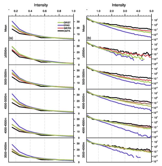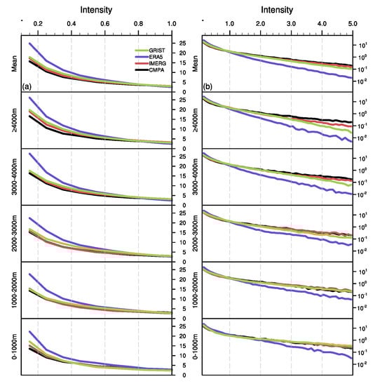The frequency–intensity distribution is a critical element of climatological rainfall features and a crucial metric for assessing model competence [23]. Figure 10 and Figure 11 present the precipitation frequency–intensity structure at various altitudes averaged in YTRV and EPTP; the altitude bins are the same as Figure 8 and Figure 9, respectively. The precipitation frequency distribution for weak intensities (0.1–1 mm/h) is shown in the left column, and the frequency distribution for all intensities (0.1–5 mm/h) is shown in the right column with logarithmic coordinates. The bias in the precipitation intensity structure is a prevalent issue in climate models [23,54,55], where light precipitation is overestimated and heavy precipitation is underestimated The hourly frequencies of all three datasets are more than that of CMPA (black line) for intensities less than 0.7 mm/h (Figure 10a and Figure 11a) and less than that of CMPA for intensities greater than 1 mm/h (Figure 10b and Figure 11b). In YTRV and EPTP, the frequency of CMPA heavy precipitation varies little with height, whereas the frequency of light precipitation increases somewhat with altitude. The frequency–intensity structure of IMERG is the most similar to that of CMPA, followed by GRIST, while ERA5 is the worst. For these three datasets, the frequency of heavy precipitation reduces with height, and the increase of light rain with altitude is more pronounced than that of CMPA. Consequently, in the two studied sub-regions, the precipitation frequency–intensity structures of the three datasets are more consistent with CMPA at relatively lower altitudes, and the overestimation of the weak precipitation and the underestimation of the heavy rainfall become more apparent as the altitude increases.
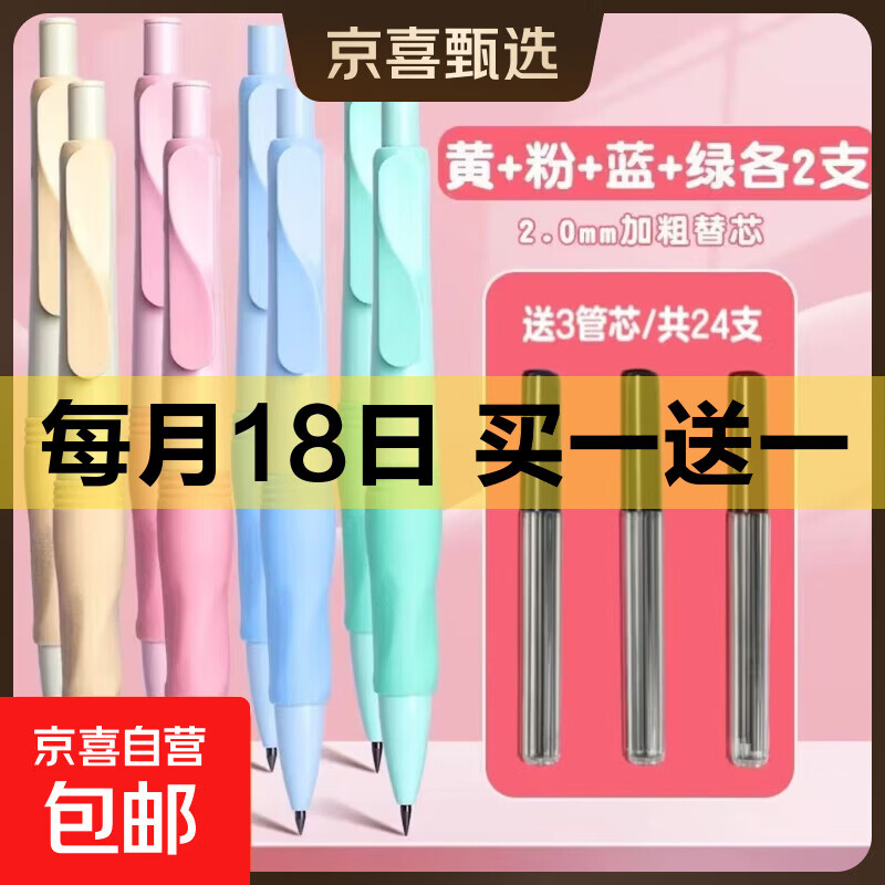正姿自动铅笔小学生专用一年级活动自动笔儿童2点0高颜值初中生2b铅笔按动不用削的初学者笔芯铅芯 【四色各2】8支+6盒(送48支替芯)
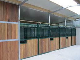 Für die Pferdebox "Venedig" werden "Standard"-Trennwände mit senkrechtem Gitter verwendet.
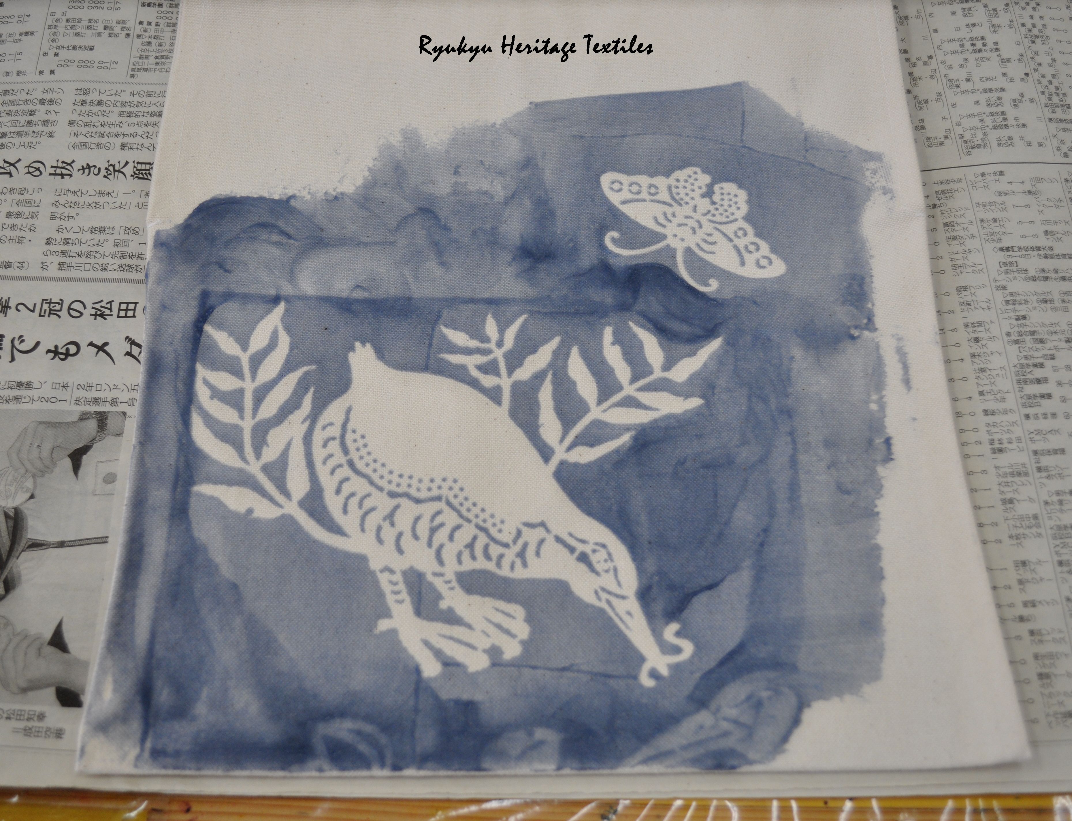 I recently incorporated my own interpretation of Yanbaru Kuina in a Bingata style textile. How about if i provide a brief introduction to my Bingata dye work process with you?
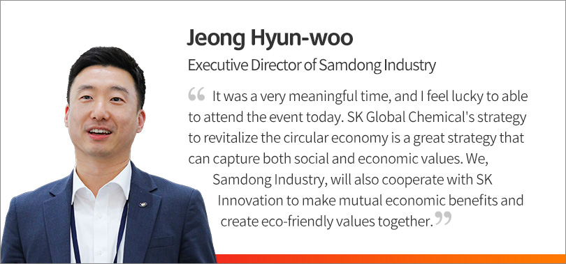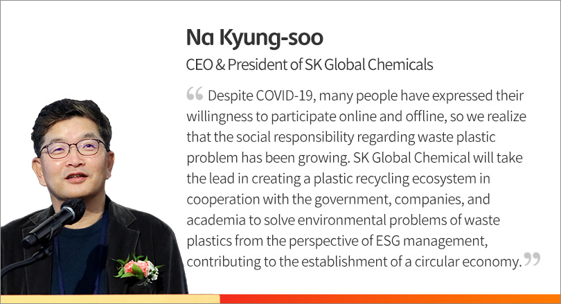 The first day was wrapped up with a closing speech of CEO & President of SK Global Chemical Na Kyung-soo. He expressed his gratitude to the public, government, and academia for voluntarily participating in the forum to solve the issues of waste plastics.
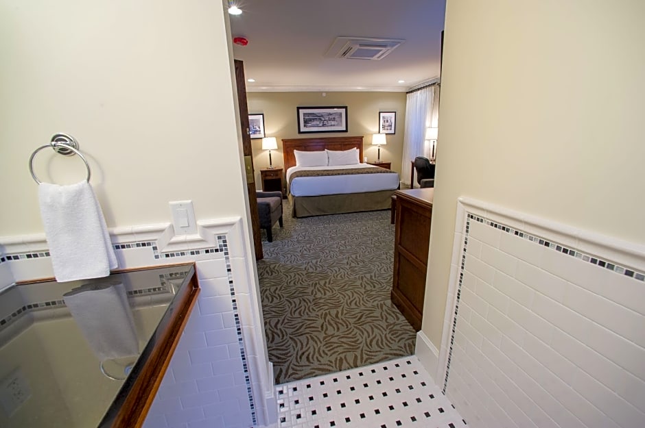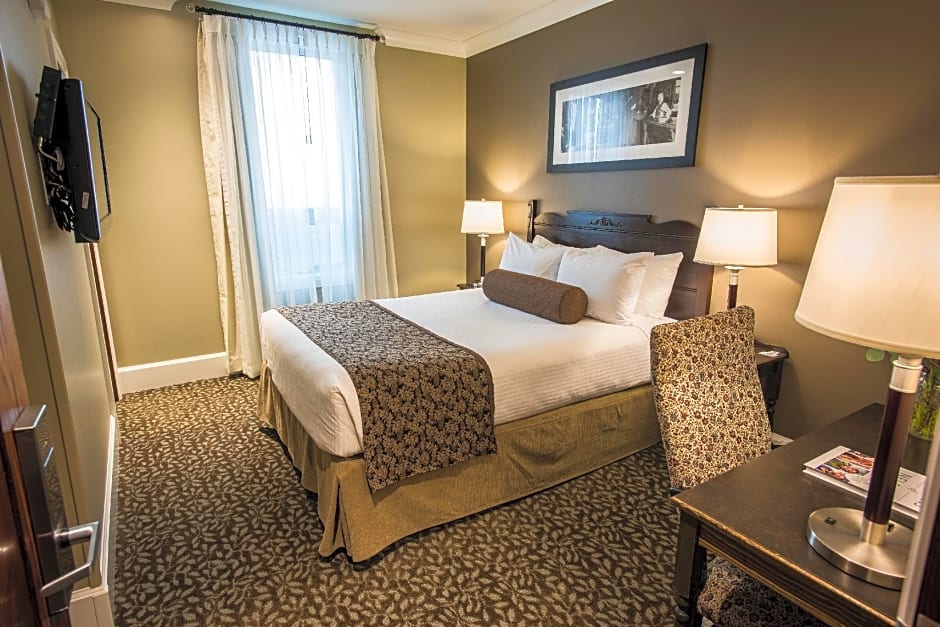 This king room features air conditioning and cable TV. Please note, this room is located above Mike's Place Pub, is interior facing with a privacy glass, and can be noisy on weekends and other busy nights.
------------------------------
■ **Exercise instructions**
Print all entries exactly. The images do not belong in the copy.

■ **Exercise answer**
The frequency–intensity distribution is a critical element of climatological rainfall features and a crucial metric for assessing model competence [23]. Figure 10 and Figure 11 present the precipitation frequency–intensity structure at various altitudes averaged in YTRV and EPTP; the altitude bins are the same as Figure 8 and Figure 9, respectively. The precipitation frequency distribution for weak intensities (0.1–1 mm/h) is shown in the left column, and the frequency distribution for all intensities (0.1–5 mm/h) is shown in the right column with logarithmic coordinates. The bias in the precipitation intensity structure is a prevalent issue in climate models [23,54,55], where light precipitation is overestimated and heavy precipitation is underestimated The hourly frequencies of all three datasets are more than that of CMPA (black line) for intensities less than 0.7 mm/h (Figure 10a and Figure 11a) and less than that of CMPA for intensities greater than 1 mm/h (Figure 10b and Figure 11b). In YTRV and EPTP, the frequency of CMPA heavy precipitation varies little with height, whereas the frequency of light precipitation increases somewhat with altitude. The frequency–intensity structure of IMERG is the most similar to that of CMPA, followed by GRIST, while ERA5 is the worst. For these three datasets, the frequency of heavy precipitation reduces with height, and the increase of light rain with altitude is more pronounced than that of CMPA. Consequently, in the two studied sub-regions, the precipitation frequency–intensity structures of the three datasets are more consistent with CMPA at relatively lower altitudes, and the overestimation of the weak precipitation and the underestimation of the heavy rainfall become more apparent as the altitude increases.
正姿自动铅笔小学生专用一年级活动自动笔儿童2点0高颜值初中生2b铅笔按动不用削的初学者笔芯铅芯 【四色各2】8支+6盒(送48支替芯)
 Für die Pferdebox "Venedig" werden "Standard"-Trennwände mit senkrechtem Gitter verwendet.
 I recently incorporated my own interpretation of Yanbaru Kuina in a Bingata style textile. How about if i provide a brief introduction to my Bingata dye work process with you?
 The first day was wrapped up with a closing speech of CEO & President of SK Global Chemical Na Kyung-soo. He expressed his gratitude to the public, government, and academia for voluntarily participating in the forum to solve the issues of waste plastics.
 This king room features air conditioning and cable TV. Please note, this room is located above Mike's Place Pub, is interior facing with a privacy glass, and can be noisy on weekends and other busy nights.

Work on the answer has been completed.